Interesting...  What this does, I think, is allow the type inferencing system 
to pull the surrounding context's type info into this.  So in the context:
{code}Iterator<FSIndex<FeatureStructure>> indexes = 
aSrcCasView.getIndexRepository().getIndexes();{code} this pulls the info from 
the left-hand side of the assignment over into the right side, so it now 
"matches".  Or something like that...   I confess to some lack of complete 
understanding of the subtleties of generics...

So, I'm guessing if the left side said <FSIndex<Annotation>> that would also 
"work" but it would of course be incorrect because the index Repository 
getIndexes() method really is returning indexes that might be defined over all 
kinds of Types many of which might not be Annotation. .  

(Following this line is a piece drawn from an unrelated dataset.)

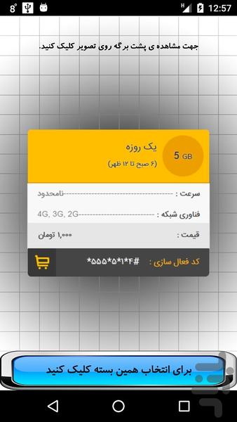 در این نرم افزار شما میتوانید بسته های اینترنتی به صرفه از لحاظ هزینه را مشاهده و انتخاب کنید.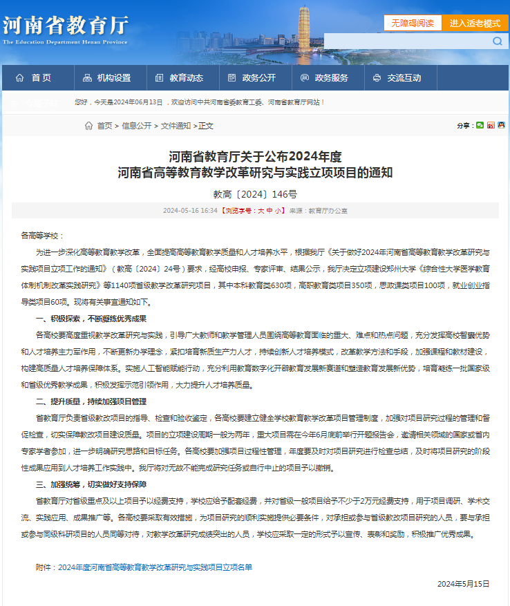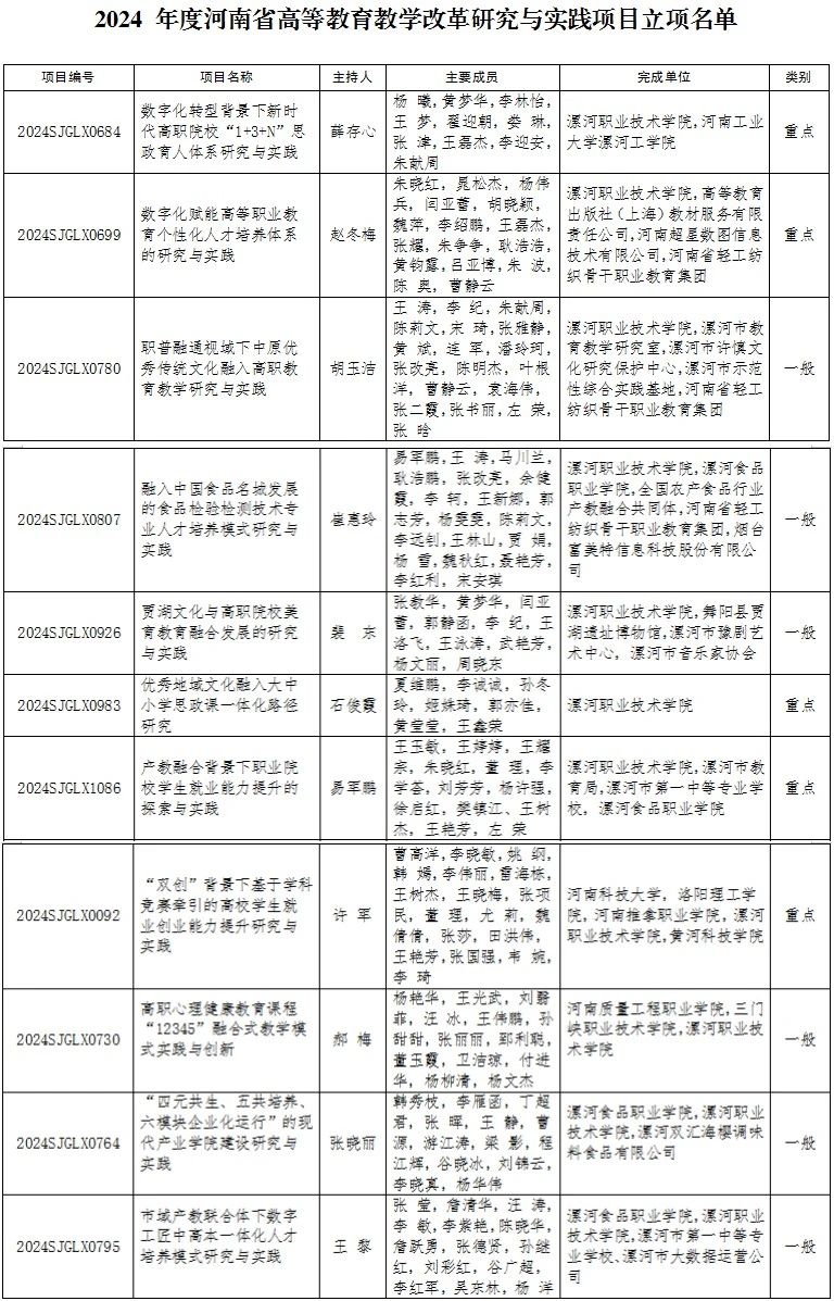 近日,河南省教育厅办公室发布了《关于公布2024年度河南省高等教育教学改革研究与实践立项项目的通知》(教高〔2024〕146号),漯河职业技术学院11个项目获批立项,其中主持7项(高等职业教育类5项,高校就业创业类1项,思政课类1项)、参与4项。

I think the unknown-ness of this is better expressed by <? extends 
FeatureStructure>.  But I do agree it could be a backwards compatibility issue. 
 

I guess I'm slightly in favor of keeping it as <? extends FeatureStructure> 
unless it starts being a significant issue.   Or maybe there's another kind of 
update that would make things work.  

> improve generics for UIMA indexes and iterators
> -----------------------------------------------
>
>                 Key: UIMA-4299
>                 URL: https://issues.apache.org/jira/browse/UIMA-4299
>             Project: UIMA
>          Issue Type: Improvement
>          Components: Core Java Framework
>    Affects Versions: 2.7.0SDK
>            Reporter: Marshall Schor
>            Priority: Minor
>             Fix For: 2.7.1SDK
>
>
> When the JCas is being used, there are Java classes for UIMA types.  
> Each index definition is associated with a top-most type in the type 
> hierarchy.
> Indexes are used to create iterators of various kinds; some of these 
> iterators are defined within classes which implement Iterable.  
> Add generic mechanisms to the Indexes and iterators to support Iterables 
> whose elements are JCas types. 
> Update the APIs that get indexes over particular types to allow specifying 
> those types by the type class, and use this for generic typing, so casts are 
> not necessary for user code.
> Make the generics work also when JCas is not in use.